The government itself is probably the biggest abuser of them all. The politicians themselves are unwitting pawns in the game that is entirely controlled by fat cat bureaucrats who sit around and freely and openly abuse and neglect the public interest for one reason or another. Over the years, they've been handed a considerable amount of power and obtained golden idol status. Every criticism slides off them as if they were all coated with Teflon. Take the Walkerton incident for example. When water engineer Stan Cabel neglected his duties of making sure the town's water had enough chlorine in it, an e. coli outbreak resulted causing several deaths. In a logical world, Cabel would have been fired at the vary least, though I would have gone as far as to charge him with criminal negligence. Through union trickery and politicking, the blame somehow went directly to Mike Harris for not properly funding the civil service. Despite willfully falling asleep at the switch and killing several people in the process, Cabel walked away a hero and the public ate up the rhetoric like Oprah on a baked ham. Pretty much every other scandal involving the bureaucracy has received a similar outcome and it effects all levels of government. The Toronto Catholic School Board, eHealth, the human rights commissions, the Sponsorship Scandal, or just being mouthed off to at the MTO licensing office. I know someone who works at a receptionist at one of the municipalities. She has actually be verbally assaulted by bureaucrats for putting their phone calls through to them. It happens on an almost daily basis. (incidentally, I believe voice mail and Microsoft Solitaire to be the most important inventions in bureaucrat history) Despite abusing a fellow employee and refusing to do their jobs, they receive vary little recourse if any. Usually the latter. These are the same bureaucrats who I've been fighting with over the mall. The public knows this behaviour is wrong but they don't do anything about it for fear of upsetting the goldenboy image. After all they are just trying to help us, right? So says my neighbour. This is allowed to go on because people don't fight it. Our apathy is destroying this country.

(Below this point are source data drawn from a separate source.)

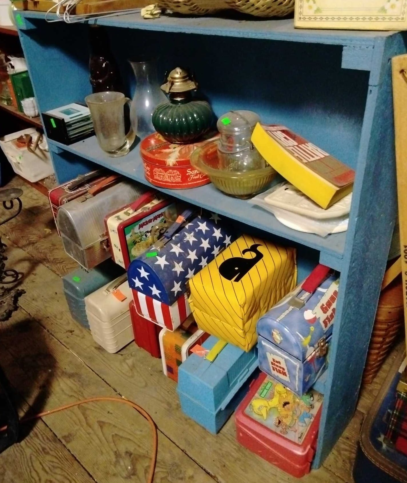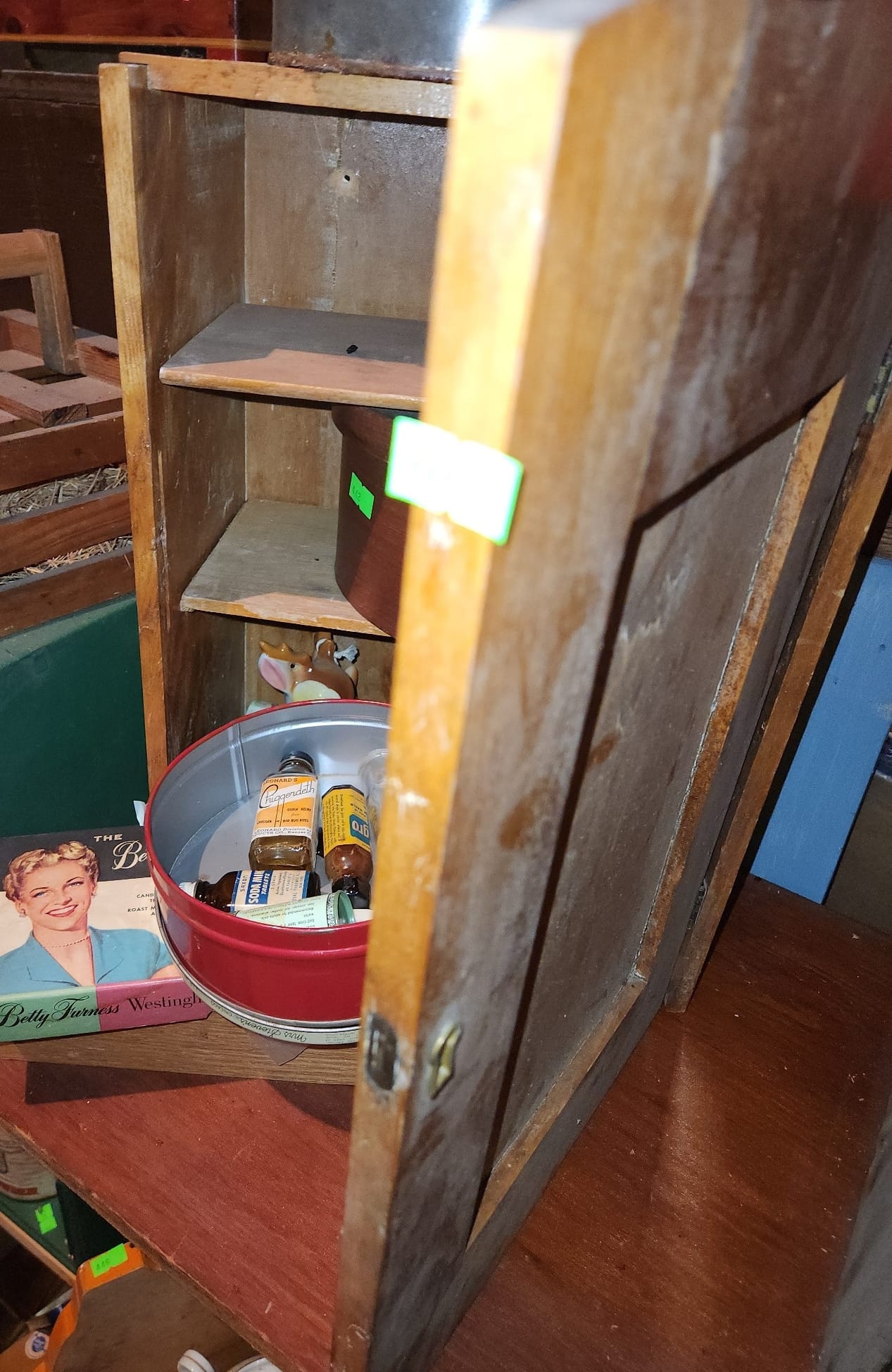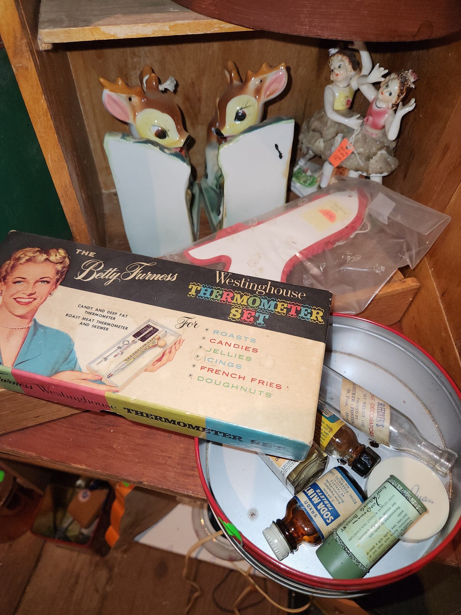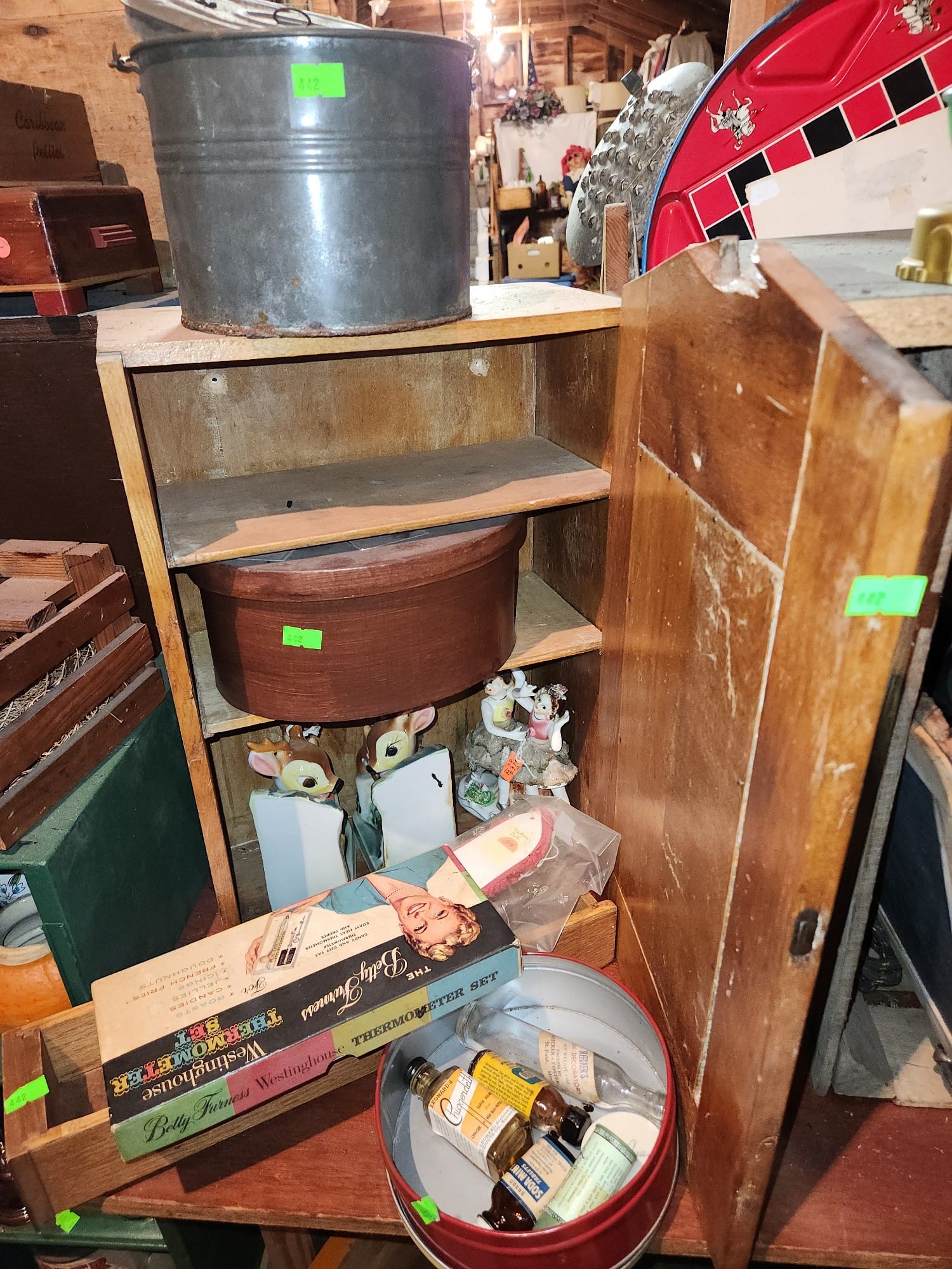 442 Lunch pail, box with cookie cutters, cooking thermometer set, bottles, deer bookends, wood cabinet 7x12x19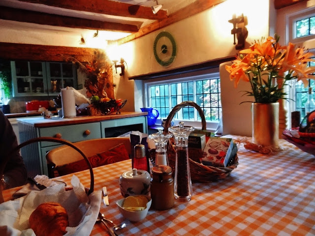 Por la mañana desayunamos en la bonita cocina de la casa, espacio de techos muy bajos y aspecto rustico country. Desayuno inglés completo con huevos, bacón, salchichas y tomate. Además de café con leche yogures, croissants, tostadas, etc.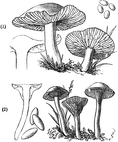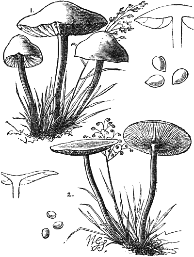 The illustrations showing the cave-culture of mushrooms are from my “Parks, Promenades, and Gardens of Paris.” And the frontispiece is after two large cuts of the mushroom caves of Paris, which appeared in the Illustrated London News some time after the appearance of my work. The illustrations of edible fungi are by Mr. Worthington G. Smith, who knows and draws these interesting subjects so thoroughly well; and the other figures are by Mr. Hodgkin.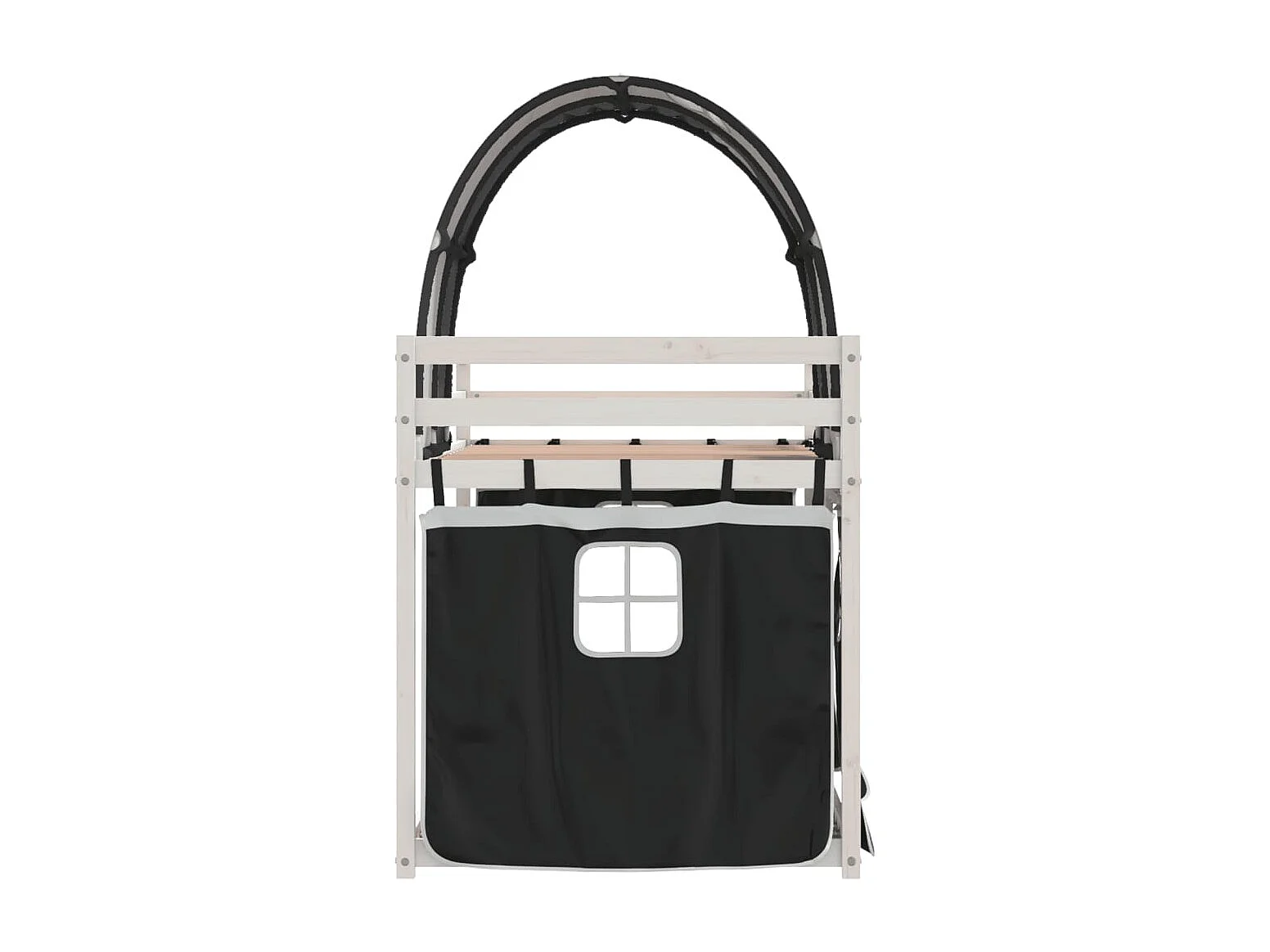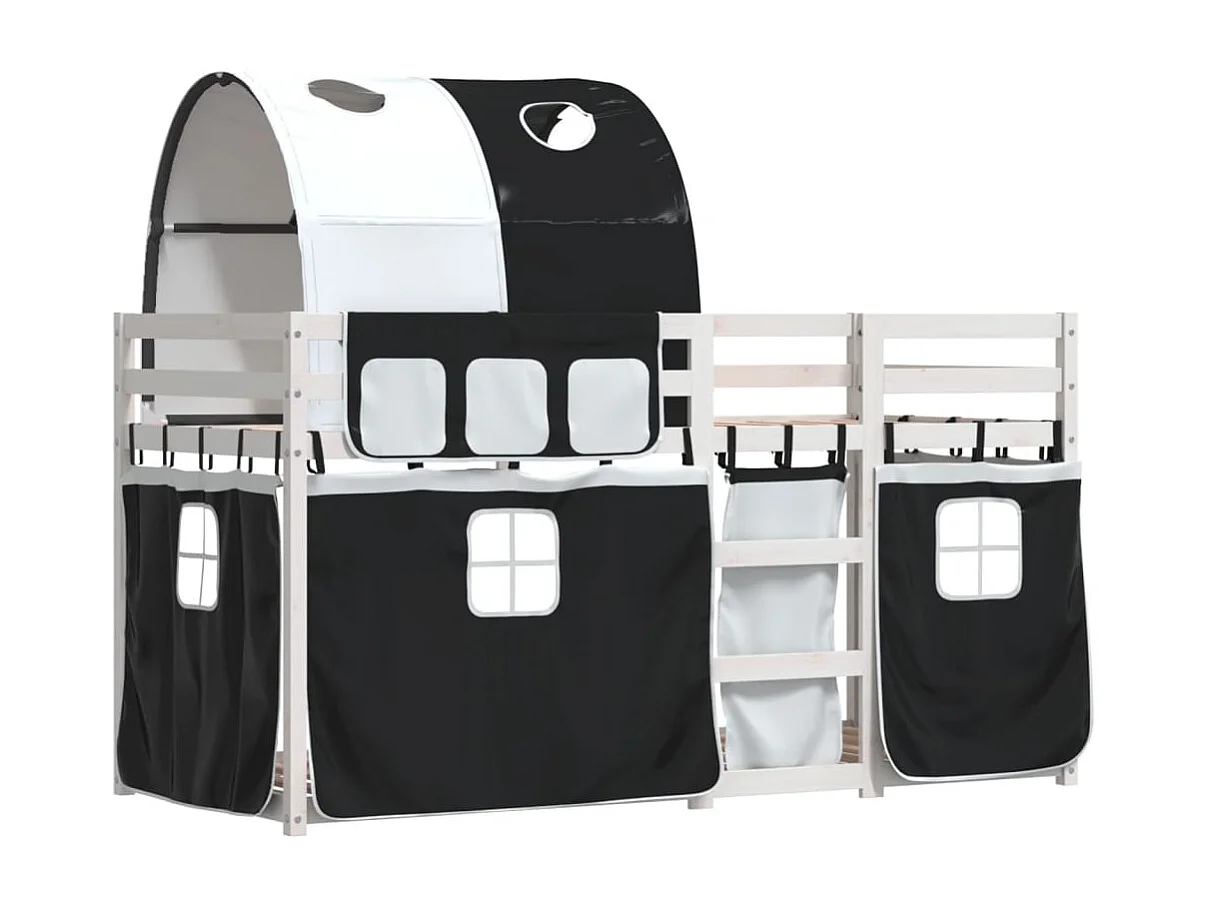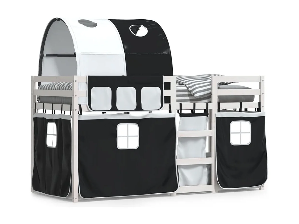 Kinderbett-Etagenbett-Bettgestell mit Vorhängen Weiß Schwarz 90x200 cm Kiefernholz SHL145567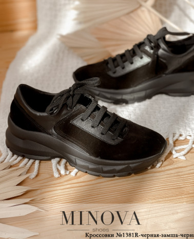 • Кроcсовки №1381R-черная-замша-черная -кожа

Am I being cynical when I describe Canadians as a bunch of lazy idiots living in fear of rocking the boat? It's hard not to be when that is all one sees. Even the media is just as guilty of this; choosing to focus on petty issues while virtually ignoring discussion on the major ones. If it wasn't for amateur bloggers, many of these issues would never see the light of day. The vast majority of protests one sees here are the big, corrupt stakeholders or new Canadians fighting for some issue back in their old country that no longer affects them. It's vary easy to become jaded. However, I would be more than thrilled to be surprised. I was quite surprised in fact when Canadians came out in force against the Liberal-NDP-Bloc coalition late last year. That is probably the only time I've seen Canadians react so strongly to an issue. The problem is it being an isolated case when it should be the norm. Canadians need to wake up and stop being so fearful of challenging authority. For God's sake it only takes 10 minutes out of your day to pick up a newspaper or watch the evening news to inform yourself. It only takes 10 minutes out of your day once every three or four years to vote. Write letters to representatives, start your own blog, get out and protest. Get with the program and stop letting the government and corrupt organizations walk all over you. Canada is our country. Let's start acting like we care.